A ditadura de Getúlio Vargas, que tem no Paraná um de seus governadores mais fiéis –Manoel Ribas–, contribui de maneira decisiva para a colonização das regiões Oeste e Sudoeste do Estado. Essa foi a última fronteira na saga paranaense, povoada com mais intensidade a partir do fim da década de 40.
Levado ao poder pela Revolução de 1930, Vargas anulou as concessões de grandes áreas devolutas a empresas particulares, a maioria de capital estrangeiro. As concessões haviam sido dadas pelos governos do final do século 19 e início do 20, a pretexto de ocupar o território e impedir uma eventual invasão argentina. Apesar de se intitularem ‘‘colonizadoras’’, essas empresas só praticavam o extrativismo predatório: a extração de erva-mate e madeira.
Nos anos 40, Manoel Ribas iniciou uma guerra judicial contra as concessionárias, que, com a cumplicidade dos governos anteriores, haviam se apossado de 59 mil quilômetros quadrados –mais de um quarto do território paranaense.
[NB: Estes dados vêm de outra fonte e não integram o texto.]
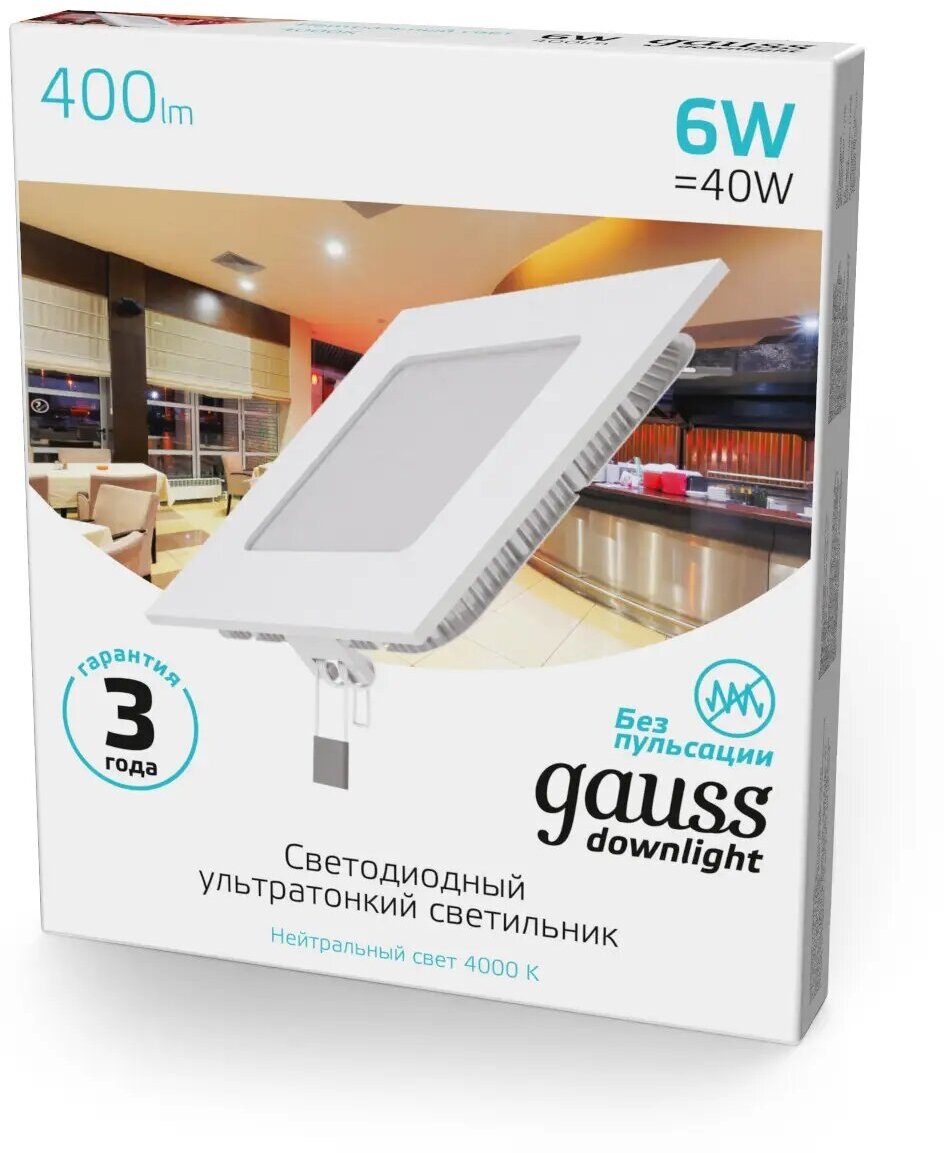 Отзывы на Встраиваемый светильник Gauss ультратонкий квадратный IP20 6W,120х120х22, 105х105, 4000K 400лм 1/20

Anos antes, o interventor fundara sete colônias nas áreas em processo de retomada.
A colonização é feita por uma corrente migratória vinda do sul: colonos gaúchos e catarinenses que, em sua maioria, formam a segunda geração de imigrantes italianos, alemães e poloneses que se instalaram no País. Esse processo atinge seu auge na década de 50, quando o Rio Grande do Sul já inicia a latifundiarização de sua área rural, com a expulsão de agricultores do campo. Os gaúchos e catarinenses são parte significativa dos 120 migrantes de outros Estados que o Paraná receberia entre as décadas de 50 e 60.
Os colonos estabelecem no Oeste-Sudoeste inicialmente uma agricultura de subsistência. Depois, partiriam para o cultivo de grandes áreas com produtos para a exportação. Nesse processo, novas empresas colonizadoras têm papel preponderante, demarcando lotes rurais de pequeno porte (20 alqueires, em média) e abrindo cidades. A principal delas seria a Industrial Madeireira e Colonizadora Rio Paraná S/A (Maripá). De capital gaúcho, a Maripá compra 124 mil alqueires. Nessa área surgiriam ricos municípios do Oeste do Estado, entre eles Toledo e Marechal Cândido Rondon.